Later, we learn through psychiatrist appointments that the girls’ captor is Kevin, a young man with a past filled with childhood trauma that is the root for his Dissociative Identity Disorder (previously known as multiple personality disorder). Kevin has 23 different identities, with the dominant identity being Barry; however, recently other “repressed” identities have been taking him over. The girls meet these repressed identities, including Dennis, Miss Patricia, and 9-year-old Hedwig, all of whom tell the girls that they are special food for “The Beast,” a mysterious previously unknown 24th identity.
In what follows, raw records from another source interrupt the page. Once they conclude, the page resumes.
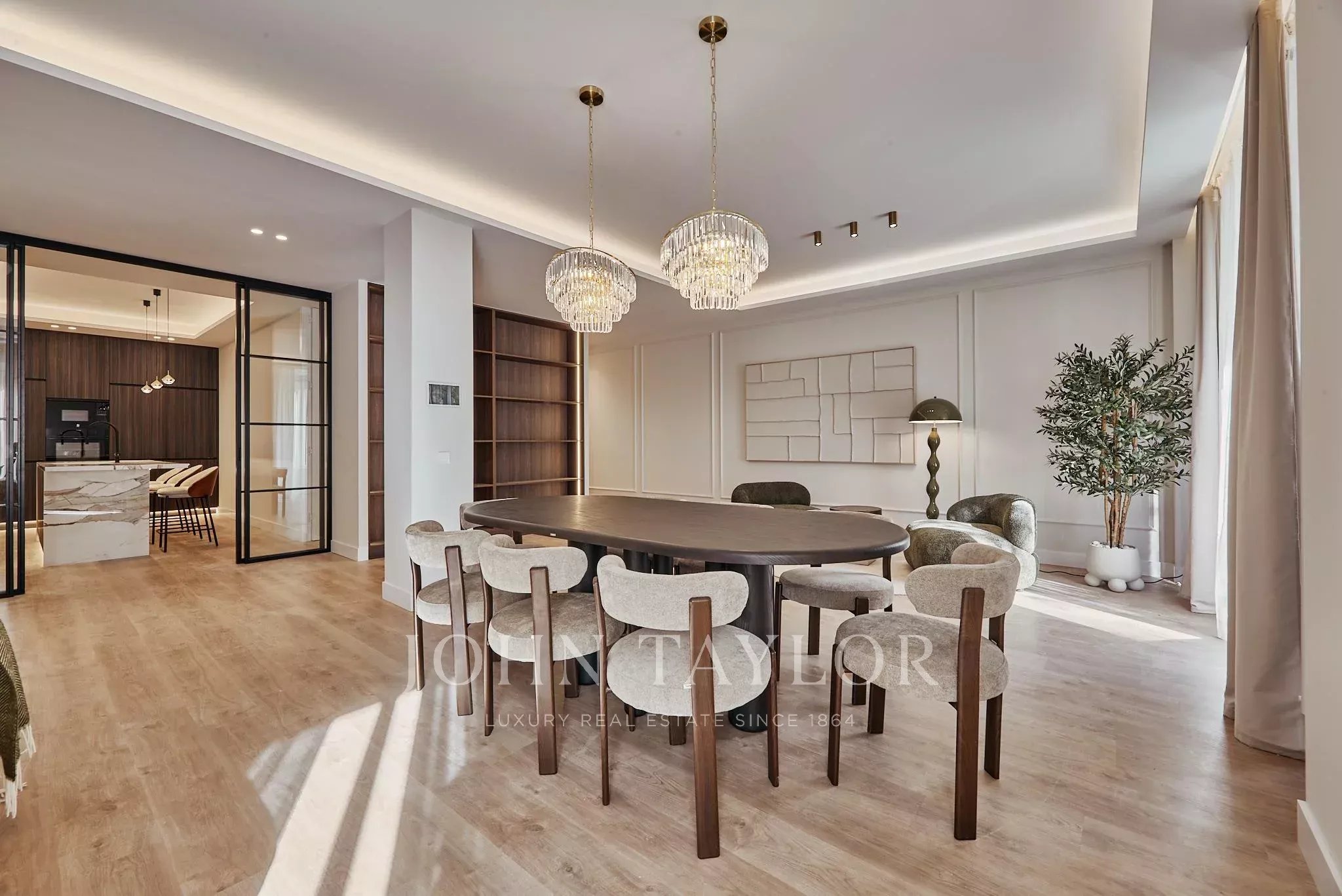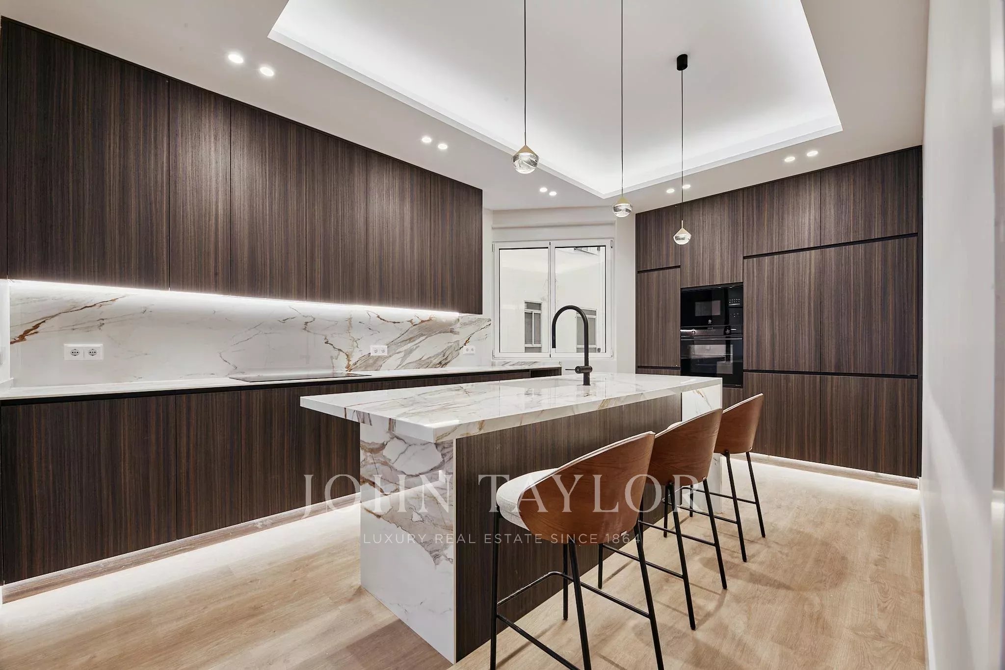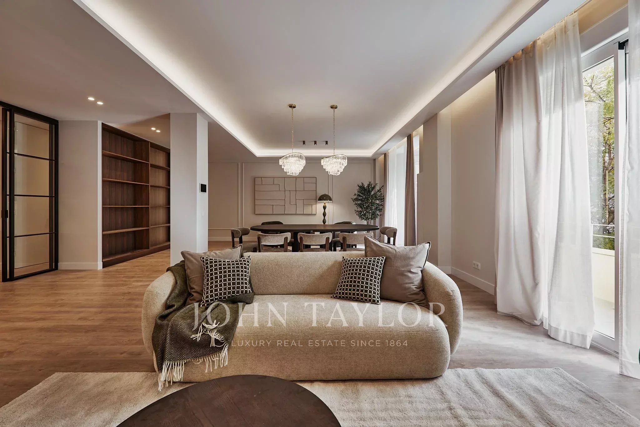 Nachází se ve druhém patře s výtahem v budově, byt vyniká svou velkorysou prostorností a reprezentativním charakterem na jedné z nejikoničtějších tepen hl. města. Byl pečlivě zrekonstruován s důrazem na současný styl, který zdůrazňuje plynulost prostor a komfort v každém pokoji.
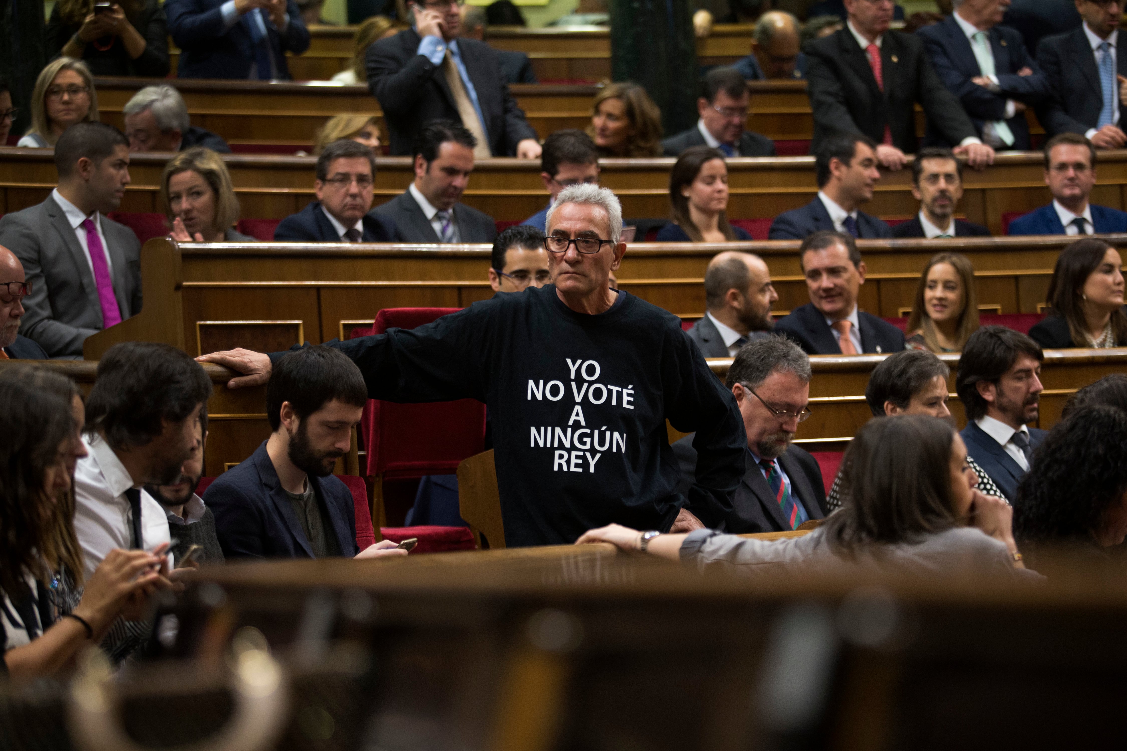 Otro diputado de Podemos, el sindicalista andaluz Diego Cañamero, lucía una camiseta con la leyenda "Yo no voté a ningún rey".
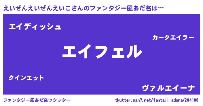 | 男性向けラノベタイトル風あだ名 | 『えいぜんえいぜんえいこの憂鬱』 |
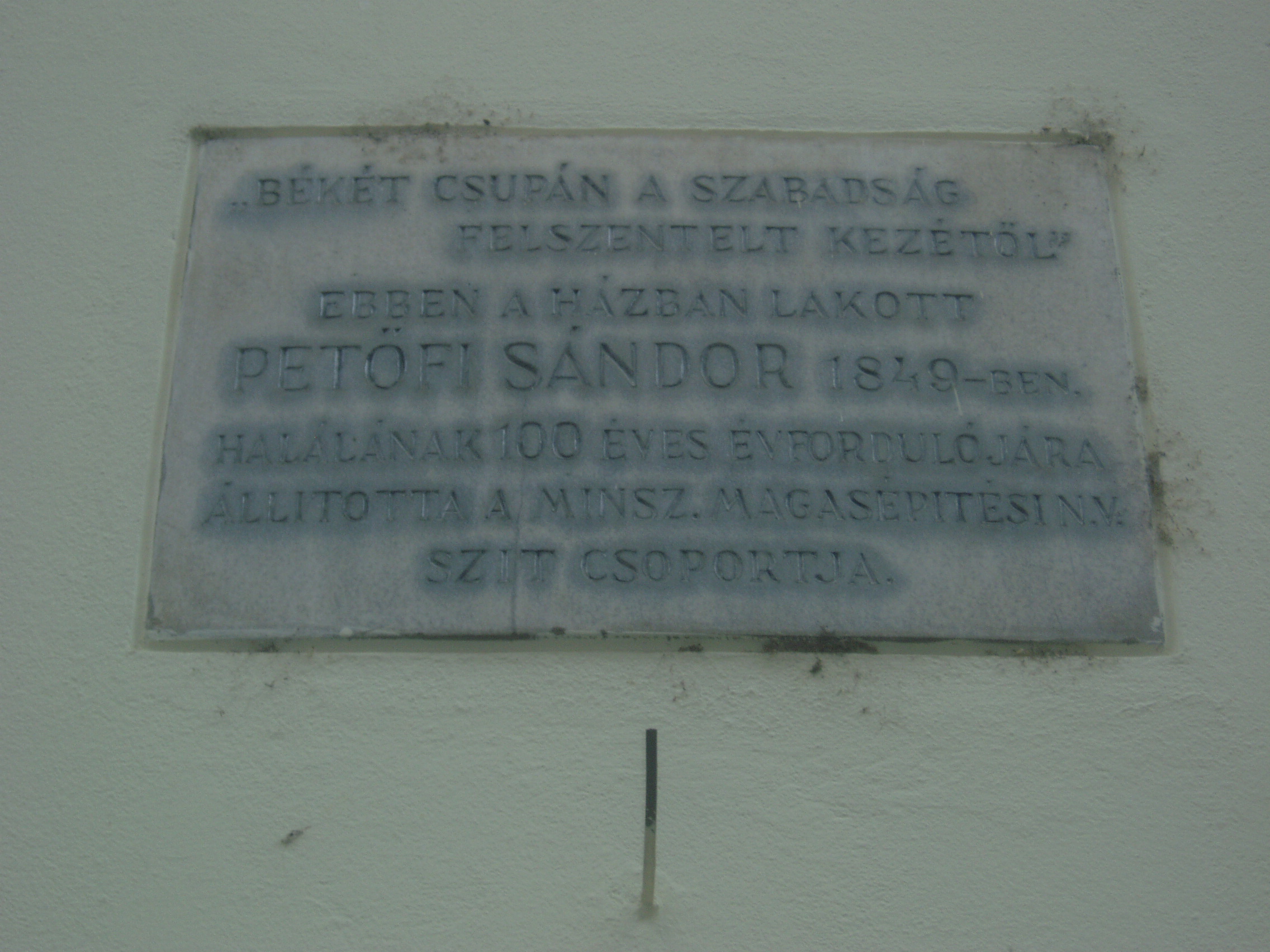 Nyilvános 1310 | 3276 | Rövid leírás | Teljes leírás (1.48 KB) | Debrecen, Batthyány utca 16. Ebben a házban lakott Petőfi Sándor gyermeküket váró fiatal feleségével 1848/49 telén, Ormós Gábor szabómesteréknél. Itt született meg 1848. december 15-én fia, Zoltán. A nagy eseményről a költő így számolt be: "Született Zoltán fiam december 15-én 1848. déli tizenkét órakor, Debrecenben, a Harmincad utcában, az utcára nyíló kapu melletti szobában... Azaz jobban mondva: pénteki napon és ami több, Debrecenben!" Visszagondolva 1843/44 telére, amit rendkívül nyomorúságos körülmények között töltött Debrecenben, nem csoda, hogy a város nem a legjobb emlékeket hagyta a költőben. A szobában, amely az utcára nyíló kapu mellett található, ma utazási iroda van... Petőfi harcra buzdító, nagyhatású költemények egész sorát írta ebben a házban: Akasszátok fel a királyokat, Itt a nyilam, mibe lőjem, Az egész világ a harcmezőn, Európa csendes, újra csendes... és más költeményeit. Innen indult a harctérre, Bem tábornokhoz, hogy aztán már csak egy-egy napra, futó látogatásra térjen vissza családja körébe A ház homlokzatán több emléktábla is idézi az történteket. A fénykép 2006 júniusában készült. Felh. irod.: Kovács Gergelyné: Debrecen. Bp. Panoráma, 1981 Papp Antal: Debrecen. Bp. Panoráma, 1976 Petőfi emlékhelyek a Kárpát-medencében. Kiskőrös, 1996 |
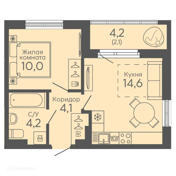1 комн. квартира в Екатеринбурге в ипотеку от 42 442 руб/месяц
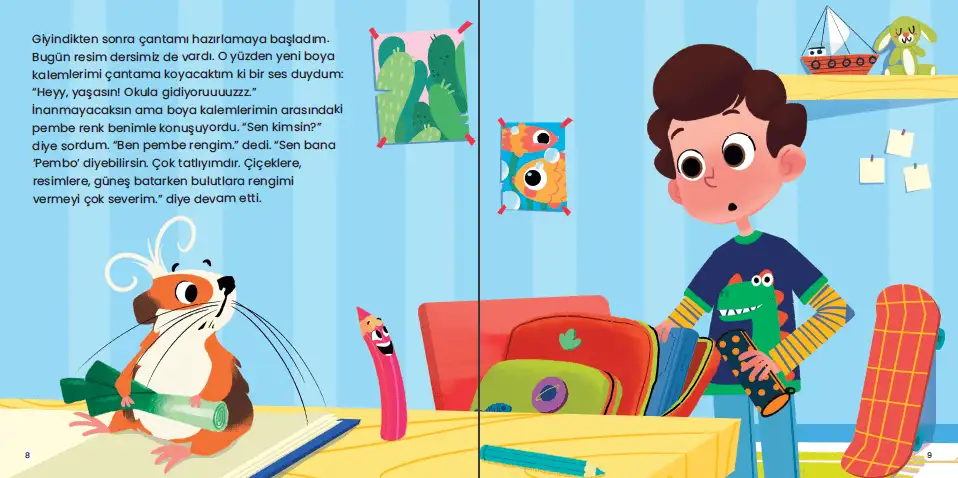 Bazen güneşin sarısı mutlu eder bizi, bazen de denizdeki dalgaların mavisi. Bazen mor bir menekşe, bazen ise güneş batarken bulutların üzerinde beliren pembe rengi... Bütün renkler mutlu eder bizi. Peki, senin i in bugün mutluluğun rengi hangisi?’ ’ Doruk bu macerasında mutluluğun rengini keşfediyor. Senin mutluluk rengin hangisi? Doruk’la mutluluğun rengini keşfetmeye var mısın?
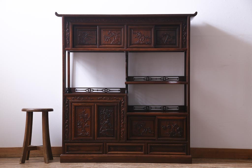 ラフジュ工房> オープンラック・シェルフ> ディスプレイラック > 民芸家具 鉄刀木(タガヤサン) 異国情緒あふれる飾り棚(茶棚、収納棚)
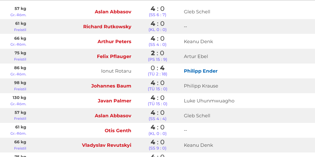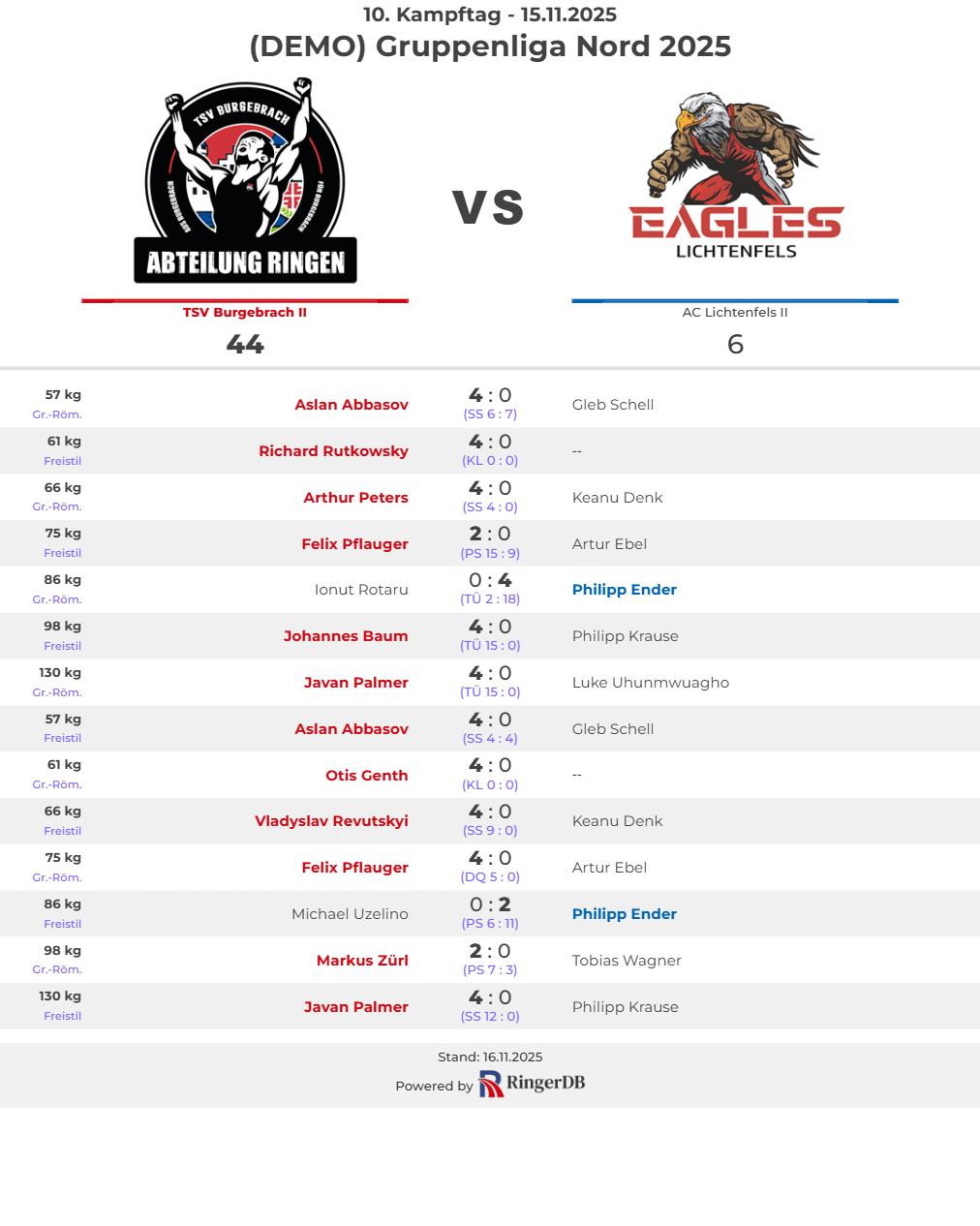 Der zukünftige Meister der Gruppenliga Nord aus dem Landkreis Bamberg lies der Bundesliga- Reserve aus der Korbstadt keine Chance und gewann zwölf der insgesamt 14 Kämpfe meist überlegen. Die beiden Siege für den ACL konnte in der Klasse 86kg sowohl im Freistil als auch im Greco Philipp Ender erkämpfen, der einmal überlegen und einmal nach Punkten erfolgreich war. Artur Ebel und Tobias Wagner unterlagen knapp nach Punkten. Alle anderen Kämpfe gingen überlegen an den Gastgeber vom TSV Burgebrach.
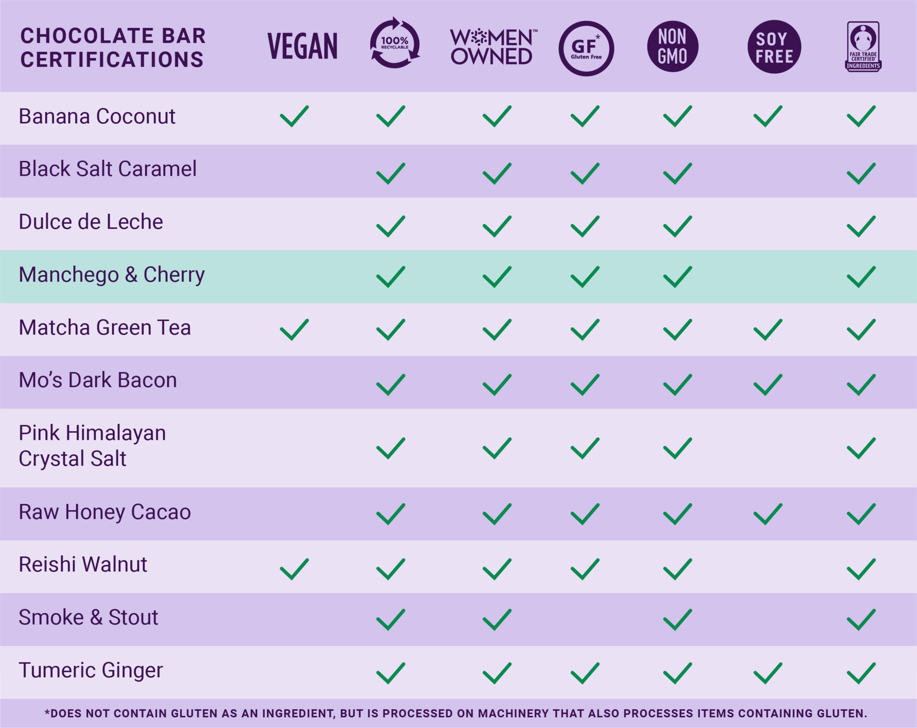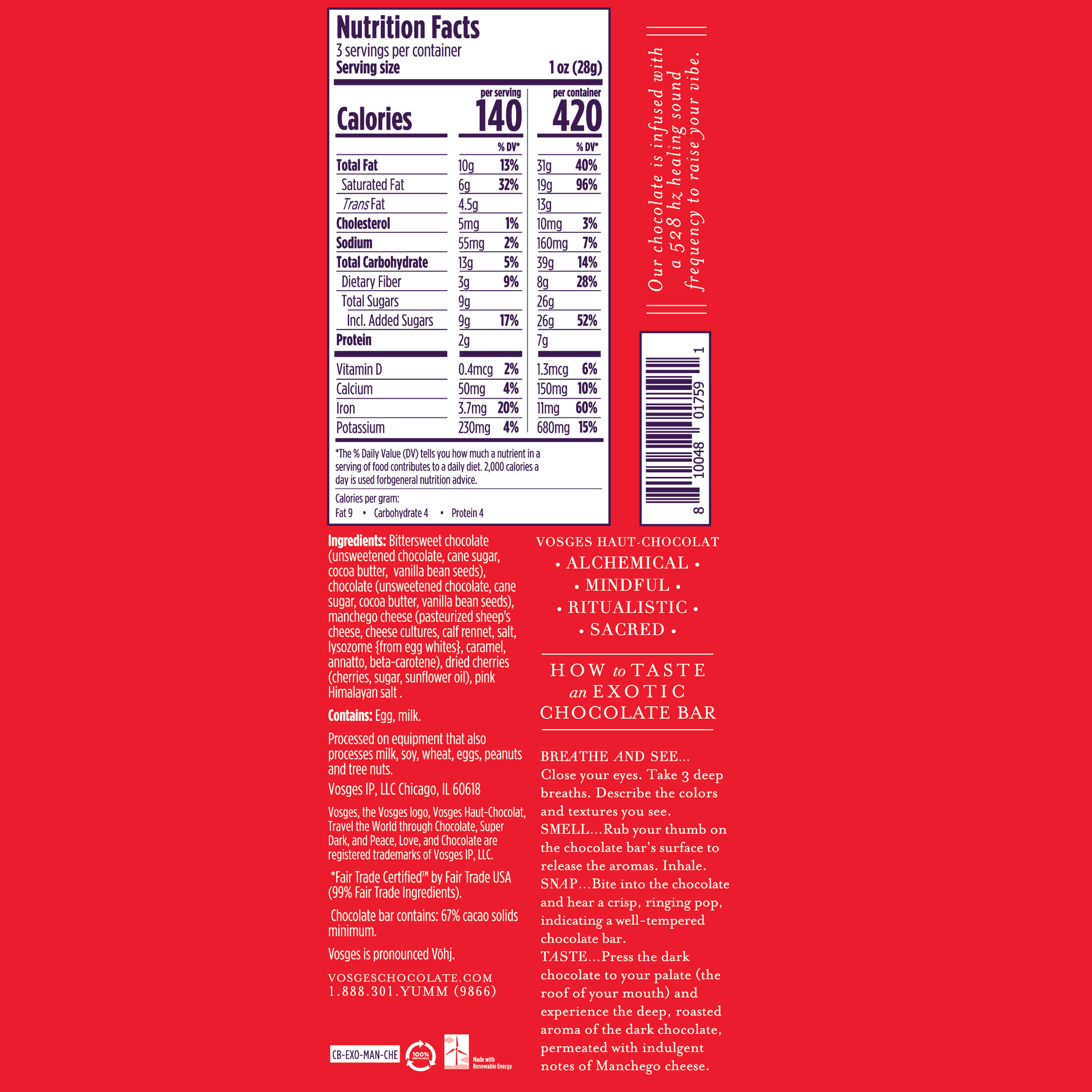 Ross’s personal favorite chocolate bar. Experience a delightful fusion of flavors with our 67% Cacao Dark Chocolate Bar featuring Manchego Cheese and Cherry. Crafted with care and precision, this unique chocolate bar brings together the rich depth of 67% dark chocolate with the distinctive tanginess of D.O.P. 12-month aged Manchego cheese. Indulge in the sweet and tart flavors of dried Montmorency cherries, perfectly complementing the creamy richness of the Manchego cheese. Each bite offers a harmonious balance of savory and sweet notes, creating a truly memorable taste experience. Handcrafted in small batches, our gourmet chocolate bar is a testament to the art of chocolate making. Whether you enjoy it as a luxurious treat for yourself or share it with loved ones, our Manchego Cheese and Cherry Bar is sure to captivate the palate of even the most discerning chocolate enthusiasts.
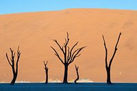 Een landschapsfoto van vijf boom silhouetten in Deadvlei (Namibië) in de vroege ochtend.De zon die net over een duin komt beschijnt de achterliggende duin maar de vallei-vloer en de bomen nog net niet.
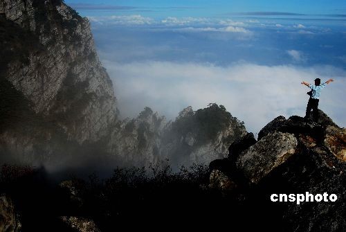 圖為四日一名攝影師在廬山五老峰上“擁抱”云海。
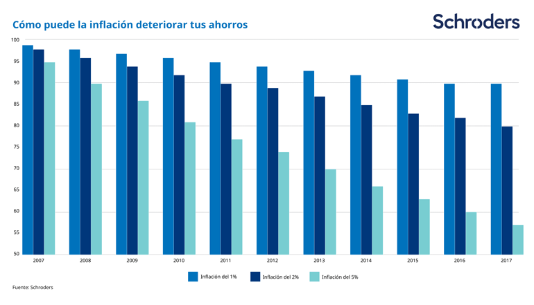 Lógicamente, el deterioro del patrimonio puede mitigarse. Colocar el dinero en una cuenta de ahorros generará intereses, mientras que invertirlo brinda la posibilidad de ofrecer mejores rentabilidades, si bien conlleva la exposición a un cierto riesgo.

Overall, the film is ripe with instances of style for style’s sake, and its story feels very clunky: Casey has several intermittent flashbacks, revealing her to also have sustained serious childhood trauma and have learned how to hunt wild game, a skill that comes in handy in her current situation. Meanwhile, the other two girls attempt a few harried escapes only to be quickly foiled, while Casey takes a more cautious approach. The captive/escape plot is unsurprising and familiar. Cliché and heavy reliance on unnecessary exposition undermine any real sense of suspense. The ‘mental illness as horrific’ trope is initially uninteresting and uncomfortable, and the story is heavy-handed and prescriptive, hinging upon Kevin’s psychiatrist’s, Dr. Fletcher’s (Betty Buckley), belief that people with DID can, somewhat supernaturally, change completely in physicality with each different identity- a literal manifestation of mind over matter. Moreover, most of the characters are superficial and boring. The captives, aside from Casey, are given no depth, acting purely as means of raising the stakes for Casey’s escape. 

McAvoy’s performance, however, lifted the entire film. He was excellent, truly selling the character and making each identity special and believable, even occasionally transforming between identities from line to line, his entire face seeming to shift in structure. The audience spends quite a bit of time with Kevin, getting a tiny window into his perspective and world. Each of his personas are more interesting than any other character; in fact, I was somewhat disappointed that we don’t meet more of the 23.

There are a couple of good twists in the film (Shyamalan does have a reputation to uphold, after all). The first one is good and truly surprising, while the last major twist serves as just another schlocky way to further hammer in the aforementioned message and mask an otherwise dull ending. All of this leaves Split having the ingredients for a thought-provoking horror flick or psychological thriller, but never quite gelling into something great.